Collection entries:
· · ·

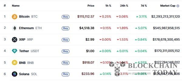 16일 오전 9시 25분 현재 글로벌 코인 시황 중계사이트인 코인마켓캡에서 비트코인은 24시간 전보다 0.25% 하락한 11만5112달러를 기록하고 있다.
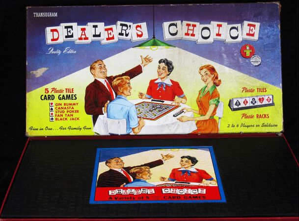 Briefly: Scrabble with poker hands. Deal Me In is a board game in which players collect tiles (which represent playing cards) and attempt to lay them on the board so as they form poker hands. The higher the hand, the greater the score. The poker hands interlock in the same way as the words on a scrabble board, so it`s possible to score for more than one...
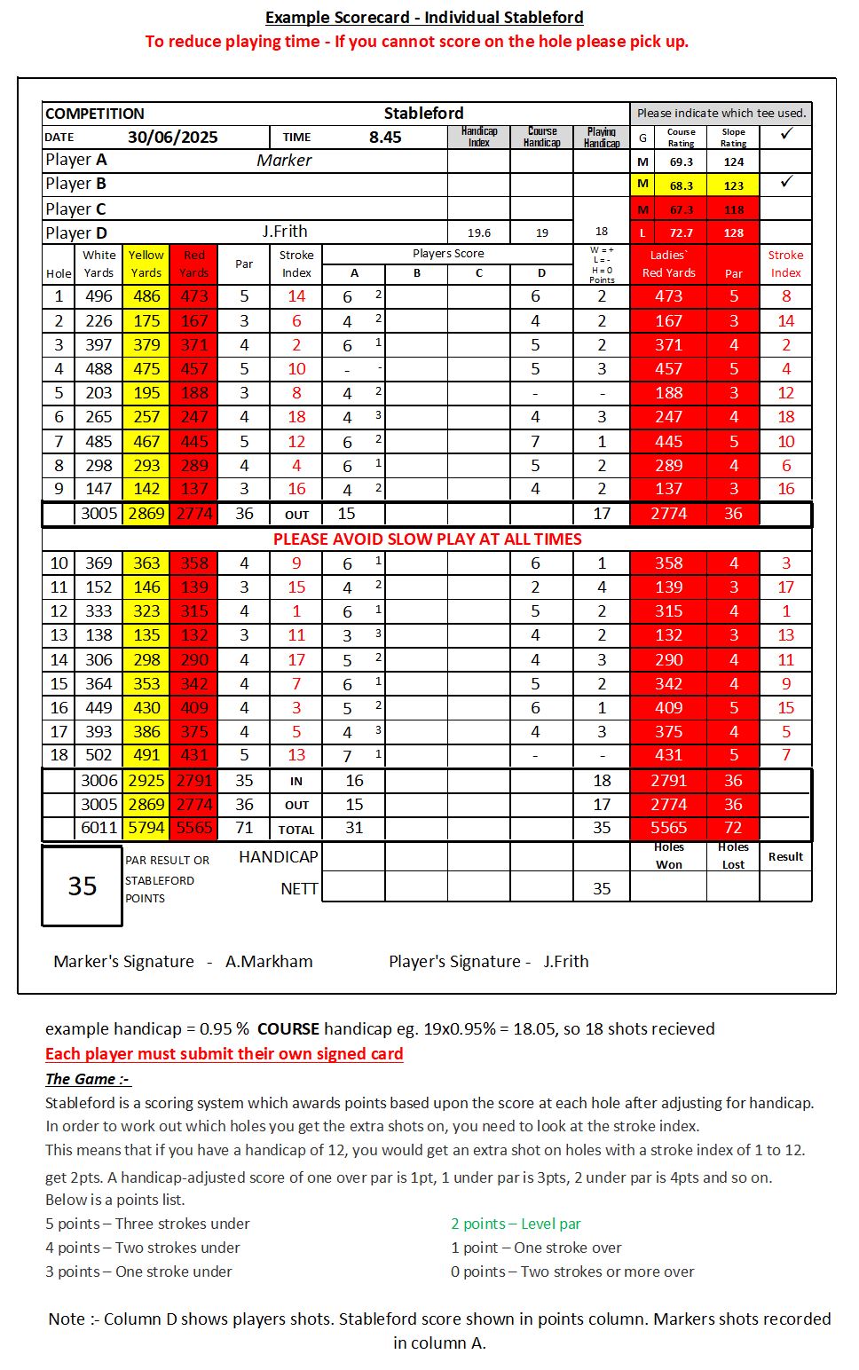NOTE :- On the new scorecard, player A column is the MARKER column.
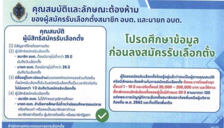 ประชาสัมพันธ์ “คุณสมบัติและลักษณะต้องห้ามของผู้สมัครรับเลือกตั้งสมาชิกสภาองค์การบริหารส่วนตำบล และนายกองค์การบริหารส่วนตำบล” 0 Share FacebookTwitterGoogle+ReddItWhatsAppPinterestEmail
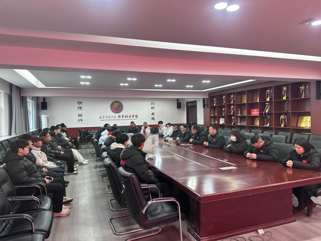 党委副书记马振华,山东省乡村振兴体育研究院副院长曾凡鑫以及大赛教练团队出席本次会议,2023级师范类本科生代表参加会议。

· · ·

DESCRIPTION OF THE TASK: Drop the images; return the entries above exactly as they appear.

ANSWER SPACE:
 16일 오전 9시 25분 현재 글로벌 코인 시황 중계사이트인 코인마켓캡에서 비트코인은 24시간 전보다 0.25% 하락한 11만5112달러를 기록하고 있다.
 Briefly: Scrabble with poker hands. Deal Me In is a board game in which players collect tiles (which represent playing cards) and attempt to lay them on the board so as they form poker hands. The higher the hand, the greater the score. The poker hands interlock in the same way as the words on a scrabble board, so it`s possible to score for more than one...
NOTE :- On the new scorecard, player A column is the MARKER column.
 ประชาสัมพันธ์ “คุณสมบัติและลักษณะต้องห้ามของผู้สมัครรับเลือกตั้งสมาชิกสภาองค์การบริหารส่วนตำบล และนายกองค์การบริหารส่วนตำบล” 0 Share FacebookTwitterGoogle+ReddItWhatsAppPinterestEmail
 党委副书记马振华,山东省乡村振兴体育研究院副院长曾凡鑫以及大赛教练团队出席本次会议,2023级师范类本科生代表参加会议。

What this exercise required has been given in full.